Building a real time voice and vision feels quite hard. The hard part is
- streaming audio and video in real time.
- handing barge-in + reconnection
- Wiring STT->LLM->TTS without a pile of glue code
here LLMRTC comes in
Links (start here):
- Project homepage + docs hub : LLMRTC
- Docs (LLMRTC Getting Started): Quickstarts for install, backend, and web client LLMRTC Quickstart
- Source, packages, architecture, and examples: GitHub repo
Table of Contents
- Why Real-Time AI Still Feels Hard
- What Is LLMRTC (and Who Is It For)?
- The 60-Second Mental Model
- What You Get Out of the Box
- 5-Minute “Hello Voice Agent”
- Install
- Run a Backend
- Connect from the Browser
- Adding Vision (Camera / Screen-Aware Agents)

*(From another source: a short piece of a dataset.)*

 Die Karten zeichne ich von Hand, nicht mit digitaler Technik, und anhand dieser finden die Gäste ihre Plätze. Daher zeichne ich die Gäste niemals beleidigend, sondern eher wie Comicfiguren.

- Tool Calling: From “Chat” to “Do Things”
- Wrap-Up + Links (Docs + GitHub)
Why real time AI is hard
If you have tried to build a "talk to an app" experience, you know the trap: the demo is simple but the system is quite complex
The real time agent is not just an LLM call. it is WebRTC, STT, LLM,TTS and often vision plus a lot of stuff like reconnection, sessions and Observability
Here are the two things that usually break first
Latency
A voice agent can be smart but feel un-usable if it is slow. We as humans are very sensitive to conversational timing
Abrupt pauses makes us feel uncomfortable, robotic or laggy
The difficult part is that latency is not just one hop it is a sum of Capture -> transport -> model -> synthesis -> playback
If you can't do this end-to-end and fast the whole thing stops feeling like a conversation
Glue + provider drift
When you are building an app, it tends to collapse under its own integration weight.

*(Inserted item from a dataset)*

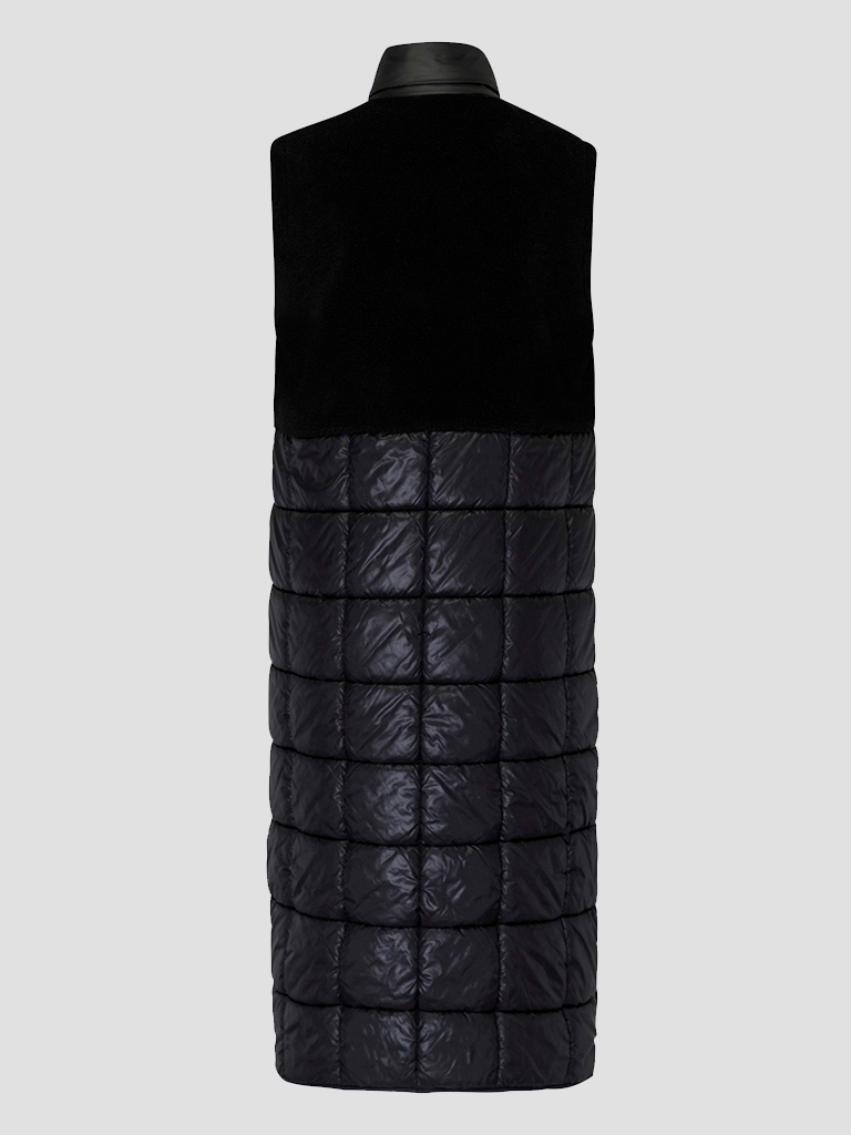 На сайте указаны российские размеры. Жилет с отделкой из искусственного меха в области плеч и груди, которые переходят в квадратный стеганый рисунок на уровне талии. Сквозная панель с кнопками легко открывается и закрывается. Высокий воротник, пуговицы по низу и боковые карманы делают образ идеальным.

Every provider has its own and different streaming semantics, event formats and handles barge-in differently.
And after some time the code base is mostly glue and not logic that is related to your product
LLMRTC comes in
LLMRTC comes it to make this the default path - the one you take on day one- the production path that you can keep shipping on
What is LLMRTC?
LLMRTC is an open source TypeScript SDK for building real time voice and vision AI apps.
LLMRTC uses WebRTC for low latency audio and video streaming and provides a unified and provider-agnostic orchestration layer for the complete pipeline like so STT->LLM->TTS plus vision, you that you can focus on your app logic instead of stitching together streaming, tool calling and session/reconnect processes
What you get with LLMRTC
Real time voice over WebRTC + server side VAD: you get the low latency audio and server side speech detection, so that your agent knows when to listen vs when to respond. (Without you wiring the audio plumbing yourself)
Barge-in (interrupt mid-speech) Users can cut the assistant off naturally, and the pipeline handles the "stop talking, start listening" switch just like having a real conversation.
Provider agnostic by design- you can swap or mix providers (OpenAI/ Anthropic/Gemini/Bedrock/OpenRouter/local) via config instead rewriting your app for every one of the vendor event model.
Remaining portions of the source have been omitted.